Modelling format

The model should be written in a plain text file, and should include all of the headings in the block below. Note that all # are required, but it is not necessary that there exists text in each heading only that the heading is present.

    ########## NAME
    ########## METADATA
    ########## MACROS
    ########## STATES
    ########## PARAMETERS 
    ########## VARIABLES
    ########## FUNCTIONS
    ########## EVENTS
    ########## OUTPUTS
    ########## INPUTS
    ########## FEATURES

Under the Name heading, the model name should be defined. Under the METADATA heading, timeunit should be defined (such as timeunit = 's' for seconds). STATES, PARAMETERS, VARIABLES, FUNCTIONS correspond to the "standard" format of an ODE model. Events correspond to similar events as in the SB toolbox. INPUTS and OUTPUTS correspond to the variables that should either be included och shared with other models or activities.

Below shows the two example models in this repository.
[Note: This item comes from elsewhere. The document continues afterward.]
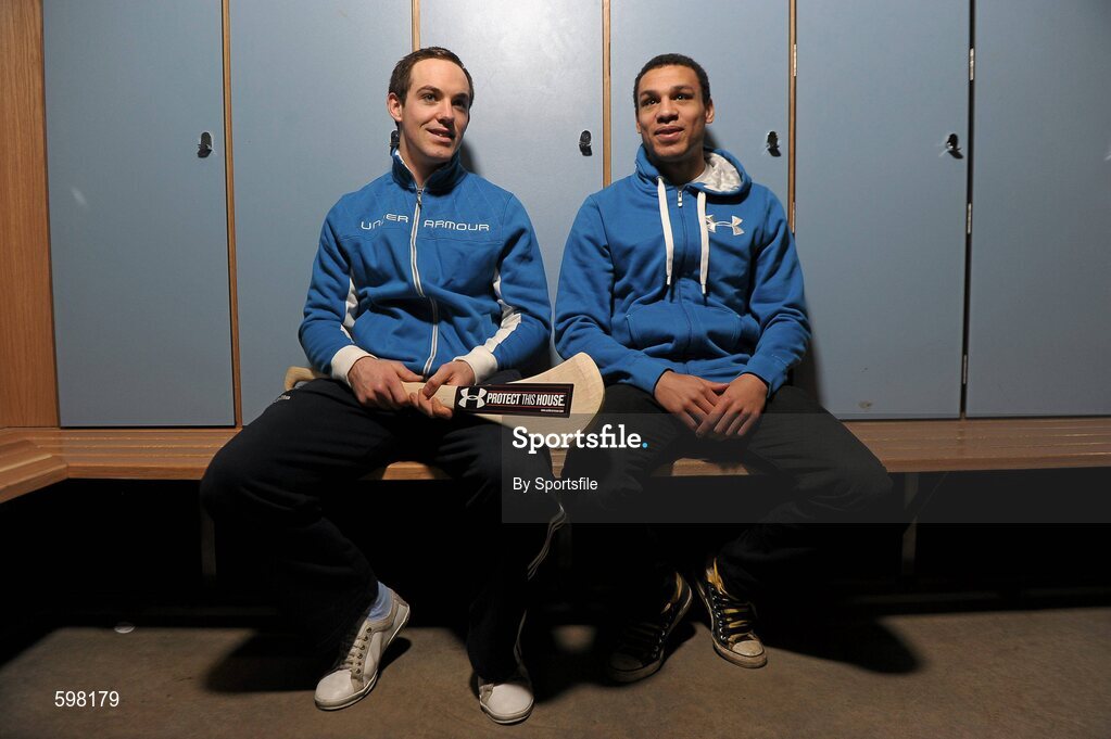 28 February 2012; Under Armour has renewed its partnership with the Dublin senior football and hurling teams for 2012 and will once again be the official performance base layer partner for both teams in the League and Championship. At today’s announcement was Dublin footballer Craig Dias and Dublin hurler Tomás Brady, left. St Clare's DCU, Glasnevin, Dublin. Photo by Sportsfile

Note that they share some variables via INPUT/OUTPUT.

An ODE example

########## NAME
Glucose
########## METADATA
Timeunit = s
Img = glucose.png
Docstr = A test model
Modeltype = ODE
########## MACROS
HEJ = 44
########## STATES
d/dt(GLUC) = UPTAKE - CLEARANCE
d/dt(TEST) = 0
TEST(0) = 0
GLUC(0) = 10
########## PARAMETERS 
k1 = 1
k2 = 1
k3 = 1
########## VARIABLES
UPTAKE = k1*INS
tmp = k3*UPTAKE
CLEARANCE = k2*GLUC
########## FUNCTIONS
########## EVENTS
E1 = GLUC < 3,k1,1,TEST,10
E2 = GLUC < 1.5,TEST,-10
########## OUTPUTS
INS_UPTAKE = tmp
########## INPUTS
INS = 1*INSULIN
########## FEATURES
GLUCOSE = GLUC # g/ml
TEST = TEST

A DAE example.

The DAE model is similar to an ODE model, except for that the expression should be written to only include a right-hand-side (rhs). If we have e.q. an algebraic equation ALG like: ALG = k1 - 5, it should be rewritten as 0 = k1 - 5 - ALG. Optionally, it could also likely be rewritten as 0 = ALG - k1 + 5.

Due to the way the compilation to C-code is implemented, algebraic states will end up after the ODE-states. Thus, it is advised to put the algebraic states and initial conditions at the end of STATES heading.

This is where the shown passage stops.